Persistent segment trees: Explained with SPOJ problems

July 13, 2014

In this post I will introduce the concept of persistent data structures. We shall deal with a couple of problems: COT, MKTHNUM

Consider the following question:

Given a linked list, you need to support 2 operations.

Update the first x values.
Print the linked list after k’th update (k <= number of update operations made till now)

Simple solution is to create a new linked list after each update operation. print it when needed. Let us optimize it for memory.

We are only updating first x elements of the linked list. That means the new linked list will be almost same as previous linked list if x is small. We shall take advantage of this and avoid allocating memory for some elements. We can allocate memory for x elements, store new values in them, then point the next pointer of x’th node of new linked list to (x+1)’th node of previous linked list. This way we allocated only x units of memory per update operation.

Consider the following example:

Initial linked list : 1 2 3 4 5 6 7 8 9 10. Update 1 : x = 4, new elements : 12 13 14 15 Update 2 : x = 2, new elements : 20 21 Update 3 : x = 6, new elements : 1 2 3 4 5 6 Update 4 : x = 1, new elements : 100

Initial linked list will look like this

head[0]-->[01]-->[02]-->[03]-->[04]-->[05]-->[06]-->[07]-->[08]-->[09]-->[10]

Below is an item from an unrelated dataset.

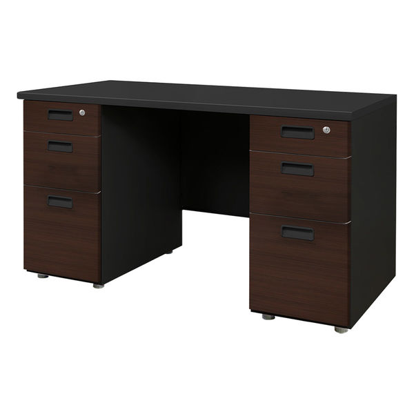 Netforce ナッツ 両袖机 3段×3段 幅1200mm ブラック×ダークブラウン LRD126BC-AW-BKDBR33 1台(直送品)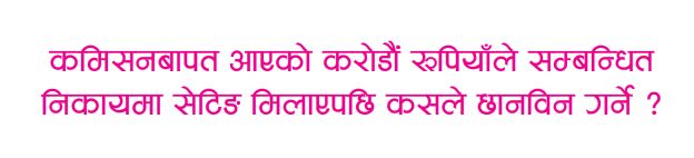 कमिशन बापत आएको करोडौं रुपैयाले सम्बन्धित निकायमा सेटिङ मिलाएपछि कस्ले छानविन गर्ने ?

After first update total data will look like this

head[0]-->[01]-->[02]-->[03]-->[04]-->[05]-->[06]-->[07]-->[08]-->[09]-->[10]
                                      /
head[1]-->[12]-->[13]-->[14]-->[15]--'

We allocated memory for first 4 nodes, stored values in them, then next pointer of 4th node is pointing to 5th node of 1st linked list.

Now if we want to print first linked list, we start with head[0]. If we want to print 2nd linked list we start with head[1].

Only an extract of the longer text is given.